Aim of the exercise
Every line of the listing below should be written out exactly, minus its pictures.

---- Data extract

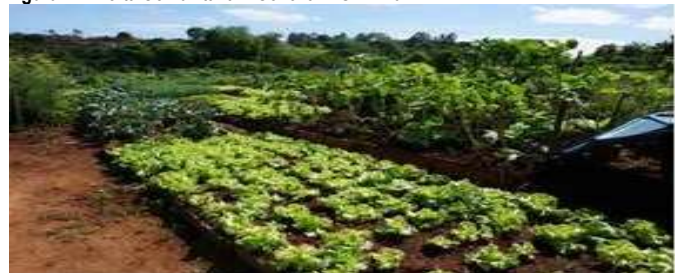
Figura 7 - Horta Comunitária – Conchal – SP – 2014.
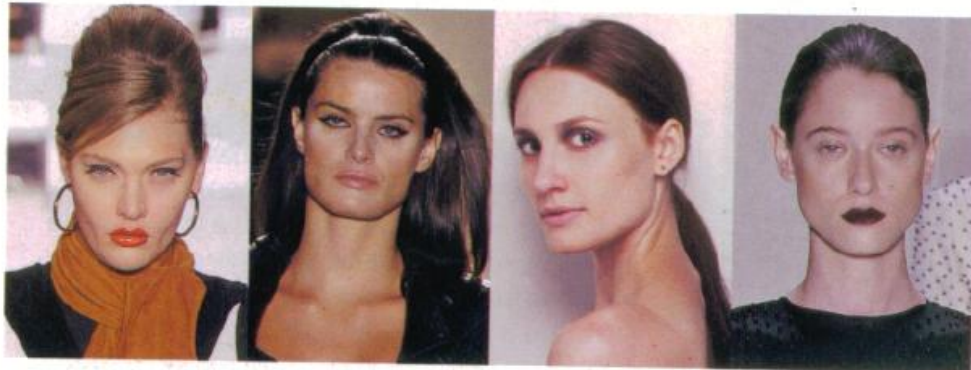
O estilo anos 60, Neon

A edição de inverno da São Paulo Fashion Week resgatou vários penteados que são clássicos da moda, a começar pelo coque alto e arrumadinho à la Audrey Hepburn, o rabo de cavalo baixo, entre outros. Confira os looks consagrados dos desfiles e escolha o que você vai adotar.

--------

Exercise response
Figura 7 - Horta Comunitária – Conchal – SP – 2014.
O estilo anos 60, Neon

A edição de inverno da São Paulo Fashion Week resgatou vários penteados que são clássicos da moda, a começar pelo coque alto e arrumadinho à la Audrey Hepburn, o rabo de cavalo baixo, entre outros. Confira os looks consagrados dos desfiles e escolha o que você vai adotar.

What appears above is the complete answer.